23-24 Gosforth Centre
Newcastle Upon Tyne
I’ve never met Rosie, but if her taste in decor is anything to go by, she seems like a nice lady. Her café is very grey-green Farrow and Ball, with industrial pipes across the ceiling.
Actually, I may have met her, but I can’t be sure, because I was a little uncertain about who was actually in charge the day I visited. The service was, how can I put it, unobtrusive. I had to do a lot of armwaving and “excuse me please, can I have a fork?” Alert it wasn’t.
However, this place is certainly popular. A bright, modern room inside Gosforth’s little shopping mall, next to Sainsbury’s, it’s opposite the Captain Ted playcentre, with its sea of plastic balls and crew of noisy little pirates. The window at the back overlooks Gosforth Central Park.
If you think the name ‘Rosie's’ suggests a small family tearoom run by a white-haired granny serving lemon drizzle cake on blue Wedgwood with images of watermills and cows, you couldn't be further from the truth. This place is large, bustling, with an open kitchen, very good quality local jams on sale, and a queue of people waiting for tables. You can’t book – instead, they have a waiting bench.
There are no comfy Starbucks-type sofas, and no internet. They pack you into the wooden tables and chairs and they unpack you back into the impersonal shopping centre shortly afterwards. I’m guessing this might be a good place for a bacon sandwich, and the sausage and mushroom paninis were pouring over the pass as I sat watching the busy kitchen.
There are sandwiches and salads, homemade soup and quiche, afternoon tea with cakes and Prosecco. But I was there for lunch, which they serve from 11.30 till 3.
I’d heard from friends in Gosforth that the food was rather good, so I’d hoped for somewhere as fresh and ambitious as some of the other independent cafés that have sprung up in the North East in recent years: places like The Roxburgh, in Whitley Bay, with its homemade black pudding (and homemade everything else), or Simon and Maggie Snowball’s warm welcome and fabulous eggs Benedict at their tiny Quay Ingredient under the Tyne Bridge, or even the quirky, arty Ernest in the Ouseburn, with its huge pancetta flatbreads, though I admit I haven’t been there since it changed hands back in January.

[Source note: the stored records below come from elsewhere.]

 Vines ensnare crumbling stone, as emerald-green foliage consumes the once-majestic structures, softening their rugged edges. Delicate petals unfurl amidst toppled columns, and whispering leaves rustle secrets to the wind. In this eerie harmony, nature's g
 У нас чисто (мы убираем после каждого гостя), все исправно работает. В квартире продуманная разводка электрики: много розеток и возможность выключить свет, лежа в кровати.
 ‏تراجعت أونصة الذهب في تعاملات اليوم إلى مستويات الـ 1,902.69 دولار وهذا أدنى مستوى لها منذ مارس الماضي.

Rosie’s is much more traditional. I’m sure it works for its Gosforth regulars, but the menu, though wide-ranging, is more comfy cardigan than designer top. It’s the sort of café you’d expect to find in Tunbridge Wells or Torbay, with black pudding and pancetta, smoked mackerel, polenta with parma ham, crab cakes, “Asian style chicken noodle broth” and “superfood salad”. That's quite a wide variety for a tiny kitchen. Perhaps too wide.
As I was alone, without a Mrs Diner to moan about my waistline, I ordered two starters and a large glass of cheap and cheerful Sicilian white. Twice-baked Northumberland cheese soufflé (my third this month) arrived (£7), alongside prawns with garlic and herb butter (£7 for a starter portion). What could be nicer for a light lunch in Gosforth?

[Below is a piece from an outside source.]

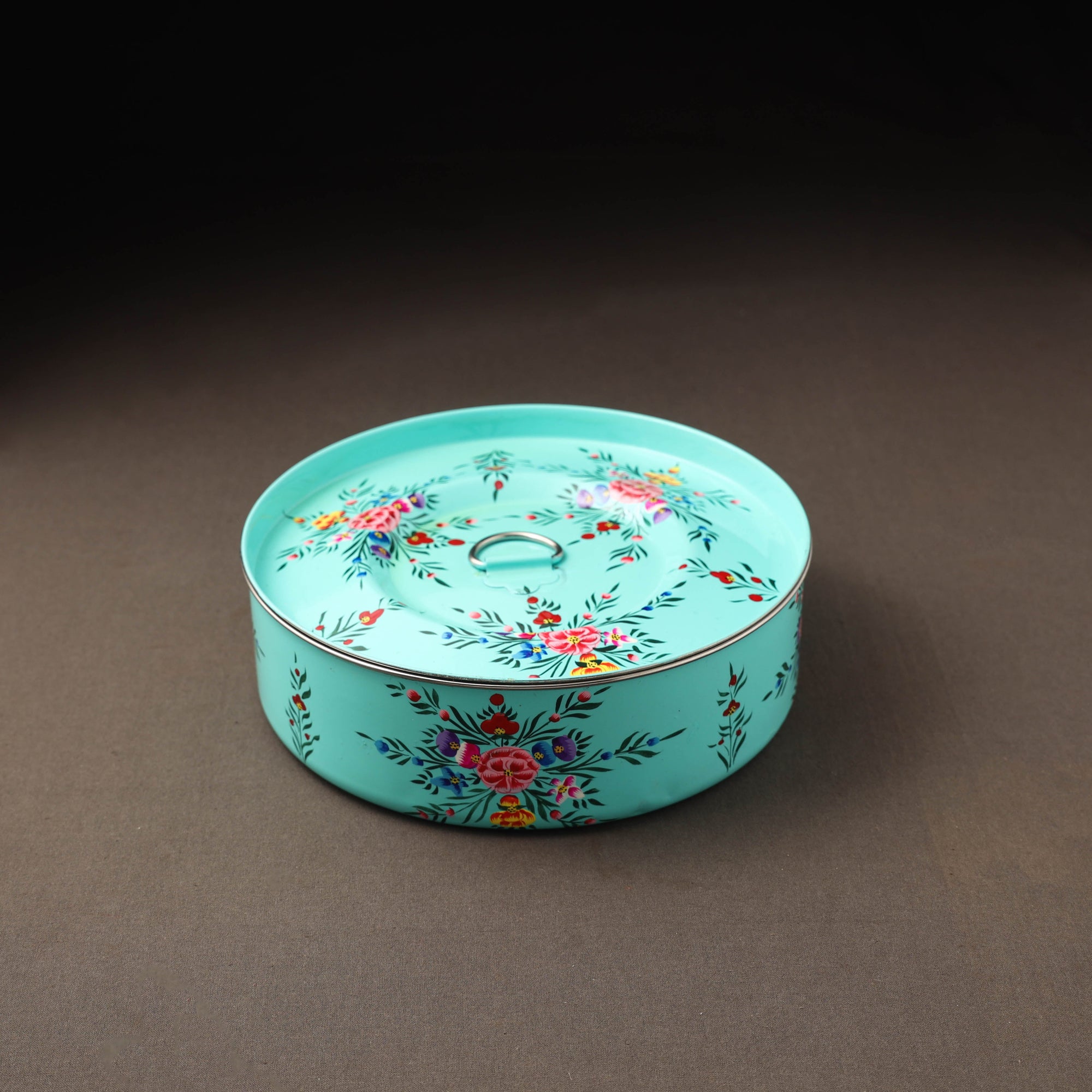 This blue handpainted floral motifs masala box created by artisans in Kashmir. Made on a sturdy stainless steel base and painted with waterproof, oil-based colours for long-lasting use. It has an inner steel lid with seven small masala containers for spices and one small spoon inside. The smooth enamel coating adds a vibrant finish while making it easy to clean and maintain.

The soufflé was a touch overbaked – I suspect it started out life surrounded by more of its cheesy sauce before the salamander had evaporated it, but the cake itself was light and fresh.

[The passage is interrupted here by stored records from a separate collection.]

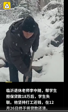 山东临沂,退休老师帮女学生贷款18万被拉黑。12月29日,李中随终于还清了贷款。他说,还清贷款的那一刻,有种释放的感觉,自己大哭了一场,感觉终于解脱能够走向光明。下一步,他希望寻求法律援助,让失联学生给自己一个说法。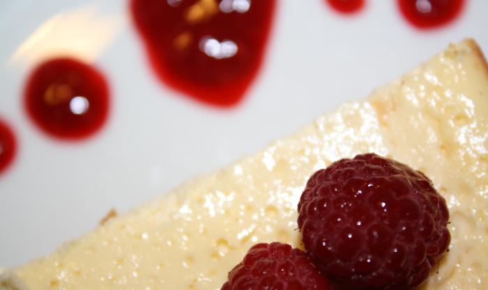 Ein gekühltes Stückchen Cheesecake mit heißen Himbeeren – einfach himmlisch!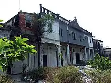 The Cheng Hon Pang Ancestral Hall (翰鵬鄭家祠) was built in 1929. It was later converted into a Catholic church called Our Lady of Sorrows Chapel (聖母七苦小堂), which was served from S.S. Peter and Paul Church (聖伯多祿聖保祿堂) in Yuen Long District (built in 1925 in Tung Tau Tsuen, S.S. Peter and Paul Church was relocated and rebuilt at No. 201 Castle Peak Road, near Shui Pin Tsuen, in 1958).[4] The Chengs later redeemed the ancestral hall from the Catholic Church in the mid-1960s and the church at the hall was closed.[1]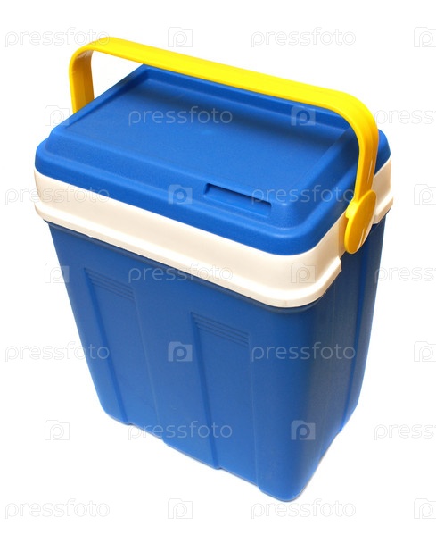 Синий пластиковый контейнер на белом фоне

However, the prawns, though plump, appeared to have been prepared with neither garlic nor herbs, poached instead in a buttery sauce that was underseasoned, oily and bland. The salads, too, had nothing about them. Both dishes were served on wooden boards. Of course. Black pudding, served warm with crispy pancetta, was bought in from Lishman’s of Ilkley and accompanied by more bits of salad and a poached egg.
For dessert, 'white chocolate baked cheesecake with raspberry coulis and mango ice cream' sounded like a clashing mishmash to be avoided, while sticky toffee pudding with salted caramel sauce was too obvious a choice. So instead I went for honey and lime brûlée with key lime pie ice cream. Big mistake.
The brûlée was ancient and grainy, tasting of custard and not much else, and the ice cream certainly didn’t deserve the soubriquet key lime pie. I love key lime pie – I hated this ice cream.
I suspect this place does some things really well, but I'm afraid I didn’t find them on this visit. My friend insists I give it a second chance, but, to be frank, this is old-fashioned cooking in a safe, staid ambience, which might be fine for a lot of people, but in 2015 I expect more from a city café. I want character, originality and attentive service, and I want a menu with ambition. I also want an internet connection.